Erdafitinib Plus Enfortumab Vedotin Shows Promise in FGFR-Altered Metastatic Urothelial Carcinoma

At the American Society of Clinical Oncology 2025 Genitourinary Cancers Symposium, Rohit Jain, MD, of Weill Cornell Medicine, presented the results of a study on the use of erdafitinib with enfortumab vedotin (EV) after platinum and programmed cell death 1/programmed cell death ligand 1 (PD-1/L1) inhibitors for patients with metastatic urothelial carcinoma (mUC) with FGFR3/2 alterations.

EV is an approved treatment for patients with mUC after prior platinum-based chemotherapy (PBC) and PD-1/L1 inhibitors or as a first-line therapy in combination with pembrolizumab. Erdafitinib is also approved for patients with mUC with FGFR3 alterations after progression during PBC.

It has been suggested that the activity of EV is not compromised by FGFR3/2 alterations, and EV and erdafitinib have different mechanisms of activity with nonoverlapping toxicities. Because of this, there is reason to evaluate the feasibility of combining EV and erdafitinib to overcome the difficulties of resistance and sequencing agents in patients with mUC and FGFR3/2 alterations.

The ongoing single-arm study evaluated the safety, tolerability, pharmacokinetics, and antitumor activity of EV with erdafitinib in patients with mUC and FGFR3/2 alterations who experienced disease progression after platinum and/or PD-1/L1 inhibitor therapies. A dose-escalation phase will determine the maximum tolerated dose (MTD) of the combination and recommend a phase II dose of EV with a fixed dose of erdafitinib at 8 mg/ day.

A total of nine patients were enrolled in the trial as of data cutoff. Each patient completed a dose-limiting toxicity (DLT) period (first cycle) in the dose-escalation phase. Six patients were enrolled at DL1 with one DLT (skin rash), and three were enrolled at DL2 (no DLT).

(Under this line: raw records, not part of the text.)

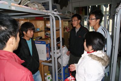 我学部老师关心学生生活情况,探访学生宿舍 作者:土木系 发布时间:2009-11-23 00:00:00 浏览次数: 次 【字体:小 大】 为了表示学部对同学们的关心,2009年11月19日建筑工程系团总支书记唐丰老师到我学部学生宿舍对同学们的生活情况进行考察。期间,唐丰老师提醒同学们冬天来了,要注意保暖工作。某些宿舍存在不足的地方,唐丰老师也提出了整改要求。最重要的是由于最近社会上流感情况比较严重,她希望同学们要保重好身体,注意宿舍卫生,做好预防工作,不舒服时要及时向班委汇报。 通过这次的考察使同学们感受到了学部对同学们的关心,加深了同学们对学部的属感。 分享到: 【打印正文】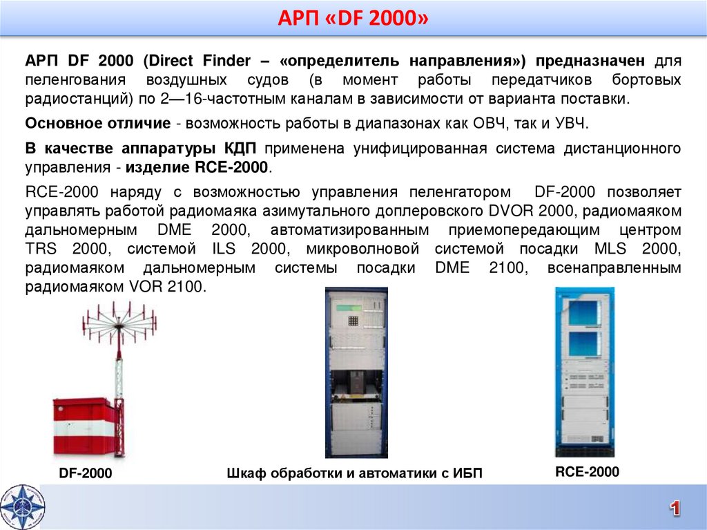 АРП DF 2000 (Direct Finder – «определитель направления») предназначен дляпеленгования воздушных судов (в момент работы передатчиков бортовых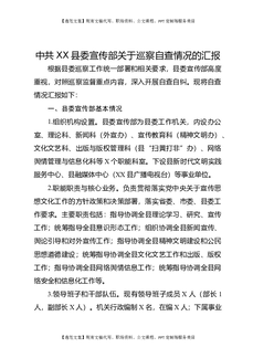中共XX县委宣传部关于巡察自查情况的汇报.docx

The most common all-grade treatment-related adverse events (TRAEs) included hyperphosphatemia (88%), mucositis (88%), high aspartate aminotransferase (88%), hypercalcemia (75%), and palmar plantar erythrodysesthesia (75%). Grade 3 TRAEs included palmar plantar erythrodysesthesia (50%), anemia (17%), rash (17%), anorexia (17%), and paronychia (17%). One patient developed grade 4 Stevens-Johnson syndrome related to EV, which subsequently improved.

The mean steady-state minimum concentration for erdafitinib and monomethyl auristatin E (MMAE) was 1430 ± 639 ng/mL and 1.4 ± 0.9 ng/mL, respectively, and the mean maximum concentration of MMAE at DL1 was 3.9 ± 0.9 ng/mL. All nine patients were evaluable, achieving a 100% objective response rate, including eight partial responses and one complete response. The median overall survival was not reached (NR) (95% CI, 17.1 months-NR), and the median progression-free survival was 7.52 months (95% CI, 5.55-NR), with a median follow-up of 22.7 months. The median duration of response was 5.49 months. The recommended phase II dose for EV is 1.25 mg/kg in combination with erdafitinib at 8 mg/day.

EV with erdafitinib is a feasible combination with the ability to provide promising antitumor activity. The dose-expansion stage is ongoing at the recommended phase II dose of the combination.